(Dataset items)

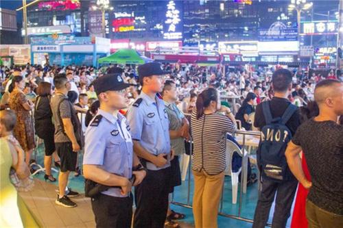 服务民生、服务经济,主动当好“夜管家”,是内江中区公安现阶段护航经济发展的重要任务,结合辖区夏季夜间治安特点,在常态化开展夜间巡逻及清查行动中,强化社会治安防控能力,切实营造出百姓看着放心、玩得安心的平安夜市环境。
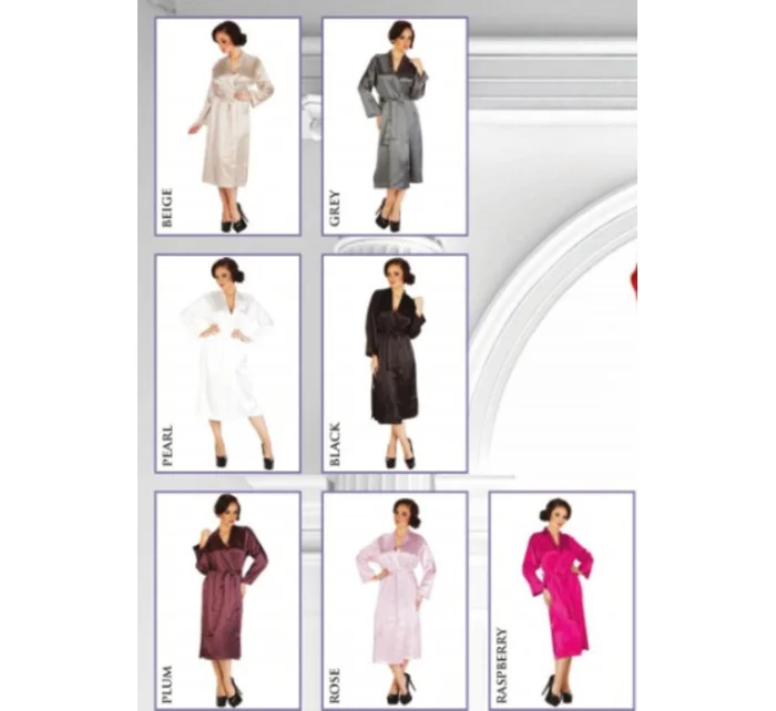 Elegantní dámský župan z jemného saténu. Dlouhé rukávy, pásek na zavazování. Materiál poskytuje měkkost na vnitřní straně a vysoký lesk na vnější straně. Celková délka měřená od ramenního švu je cca 115 cm. Župan je zabalen v elegantním dárkovém balení, může být ideálním dárkem pro někoho výjimečného.
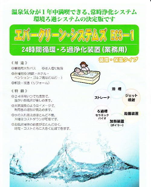 浴用循環濾過機(エバークリーン・システムズ)は24時間お湯を循環させ、いつでもお風呂を楽しむ事ができます。特に中・大型施設などに向いた設備となっています。
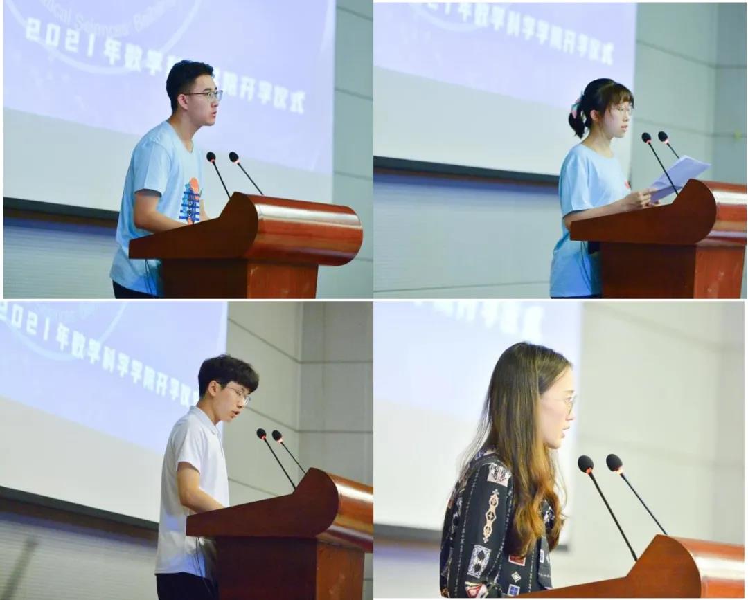 2021级本科强基新生代表刘峻池、2020级本科生新生代表郭芝伊、2021级研究生新生代表张翔宇、优秀学生代表许卓颐同学依次进行发言。他们表达了立志投身于数学事业的决心,加强自身能力,不断学习,不断超越,勇担新时代的使命与责任。
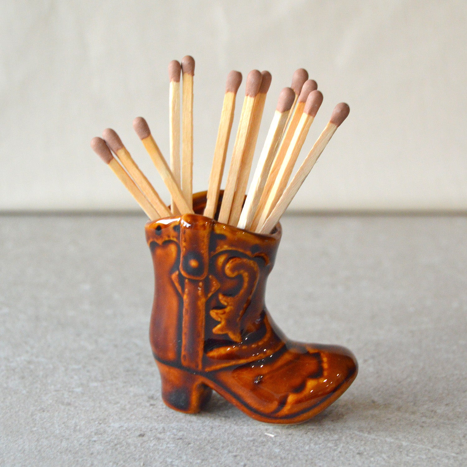 Explore the retro charm of our vintage and up-cycled matchstick holders and add a dash of nostalgia and style to your space. Each unique holder comes with elegant matches and a striker, adding both style and functionality to your decor.
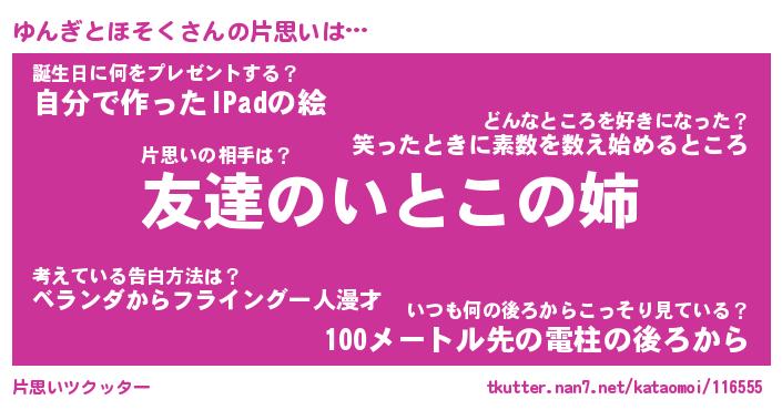 | ヘコむあだ名 | 『ゆんにゅー』『牛乳』『ゆんお』 |
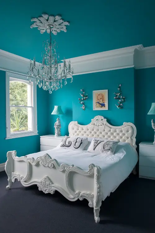 5. Vivid Turquoise Walls with a White Rococo Bed (Yes, Really)
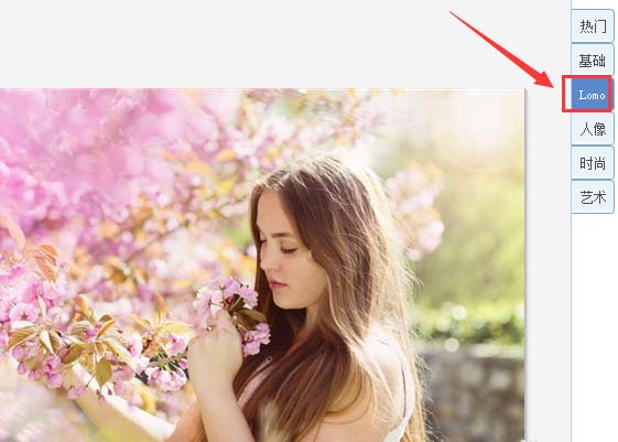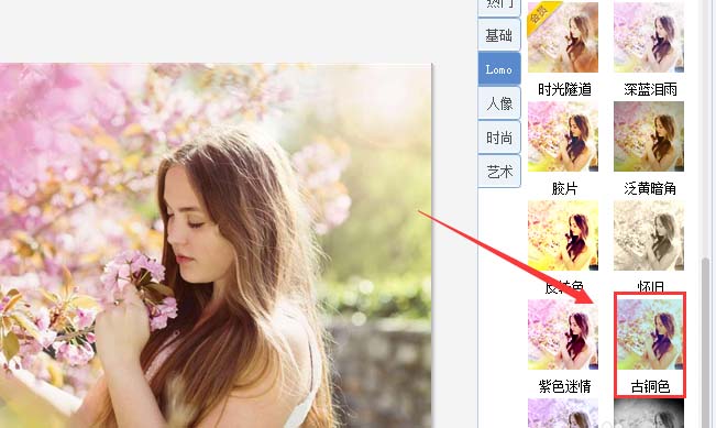 6、点击LOMO选项,在其内找到古铜色选项,如图所示:
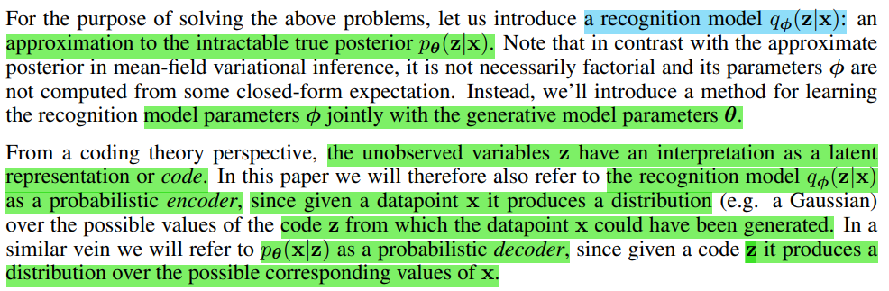 여기서는 recognition model q_φ(z|x)와 다루기 힘든 true posterior p_θ(z|x)로 구분한다.
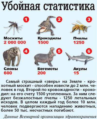 Да что акулы-медузы - в мирных городах можно подвергнуться нападению злобных тварей. Жители Одессы по утрам боятся выходить на улицу - вороны бросаются на них прямо с неба. Аналогичные случаи зафиксированы в Йошкар-Оле, Владимире, Москве. Сначала птицы нападали на людей в парках - видимо, защищали свои гнезда. Потом стали устраивать атаки прямо в городских дворах. Подростки отбили у летающих монстров пожилую женщину - те исклевали ей лицо в кровь. Другой жертве нападения понадобилась «скорая»: 50-летнему мужчине птицы разбили голову.
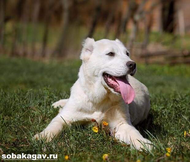 — Шерсть и окрас. Шерстяной покров у собаки густой. Волос жесткий, плотный, однородный. Шерсть равномерно располагается по торсу, за исключением ног и гривы. У Алабаев длинная холка, но короткие волосы на лапах. Масть может быть любой, за исключением коричневого, оранжевого, голубого цвета.
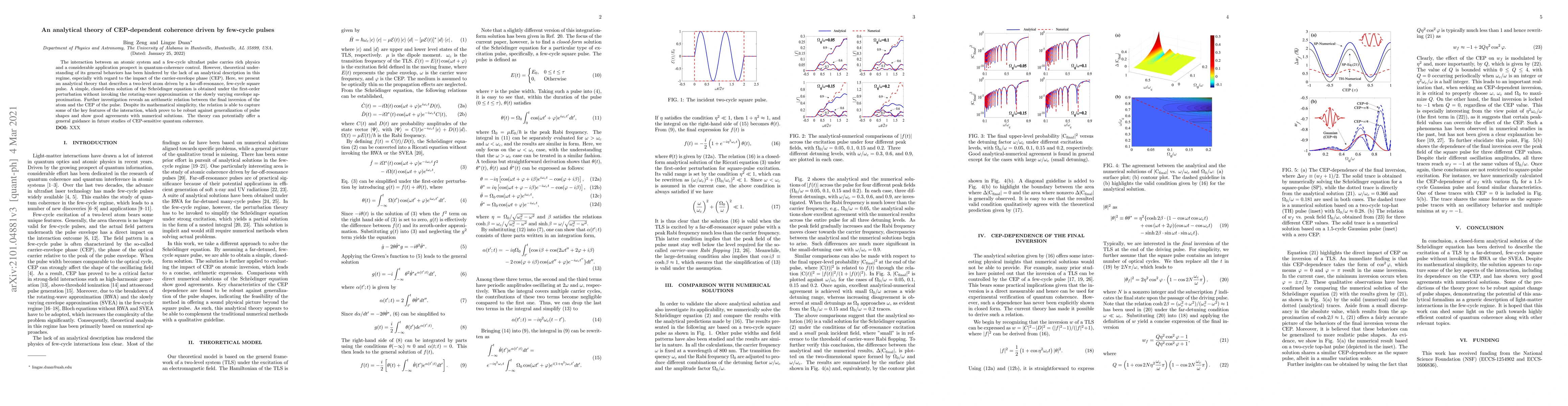 This paper develops an analytical theory to describe the interaction between a two-level atom and few-cycle ultrafast pulses, focusing on the carrier-envelope phase (CEP) impact. The theory provides a closed-form solution for the Schrödinger equation, revealing a relation between atom inversion and CEP that aligns well with numerical results.
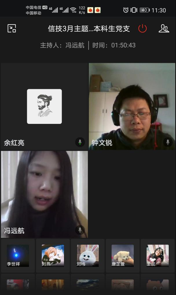 3月27日上午,教育信息技术学院行政党支部、本科生党支部联合举办了3月线上主题党日活动。活动由本科生党支部书记冯远航主持,院党委书记游丽以普通党员身份参加活动。

● What is needed: Give again, please, precisely the lines that begin the records and run through the line with "оранжевого, голубого цвета." in it, keeping both end lines and dropping any pictures.

● Answer to the problem:
 服务民生、服务经济,主动当好“夜管家”,是内江中区公安现阶段护航经济发展的重要任务,结合辖区夏季夜间治安特点,在常态化开展夜间巡逻及清查行动中,强化社会治安防控能力,切实营造出百姓看着放心、玩得安心的平安夜市环境。
 Elegantní dámský župan z jemného saténu. Dlouhé rukávy, pásek na zavazování. Materiál poskytuje měkkost na vnitřní straně a vysoký lesk na vnější straně. Celková délka měřená od ramenního švu je cca 115 cm. Župan je zabalen v elegantním dárkovém balení, může být ideálním dárkem pro někoho výjimečného.
 浴用循環濾過機(エバークリーン・システムズ)は24時間お湯を循環させ、いつでもお風呂を楽しむ事ができます。特に中・大型施設などに向いた設備となっています。
 2021级本科强基新生代表刘峻池、2020级本科生新生代表郭芝伊、2021级研究生新生代表张翔宇、优秀学生代表许卓颐同学依次进行发言。他们表达了立志投身于数学事业的决心,加强自身能力,不断学习,不断超越,勇担新时代的使命与责任。
 Explore the retro charm of our vintage and up-cycled matchstick holders and add a dash of nostalgia and style to your space. Each unique holder comes with elegant matches and a striker, adding both style and functionality to your decor.
 | ヘコむあだ名 | 『ゆんにゅー』『牛乳』『ゆんお』 |
 5. Vivid Turquoise Walls with a White Rococo Bed (Yes, Really)
 6、点击LOMO选项,在其内找到古铜色选项,如图所示:
 여기서는 recognition model q_φ(z|x)와 다루기 힘든 true posterior p_θ(z|x)로 구분한다.
 Да что акулы-медузы - в мирных городах можно подвергнуться нападению злобных тварей. Жители Одессы по утрам боятся выходить на улицу - вороны бросаются на них прямо с неба. Аналогичные случаи зафиксированы в Йошкар-Оле, Владимире, Москве. Сначала птицы нападали на людей в парках - видимо, защищали свои гнезда. Потом стали устраивать атаки прямо в городских дворах. Подростки отбили у летающих монстров пожилую женщину - те исклевали ей лицо в кровь. Другой жертве нападения понадобилась «скорая»: 50-летнему мужчине птицы разбили голову.
 — Шерсть и окрас. Шерстяной покров у собаки густой. Волос жесткий, плотный, однородный. Шерсть равномерно располагается по торсу, за исключением ног и гривы. У Алабаев длинная холка, но короткие волосы на лапах. Масть может быть любой, за исключением коричневого, оранжевого, голубого цвета.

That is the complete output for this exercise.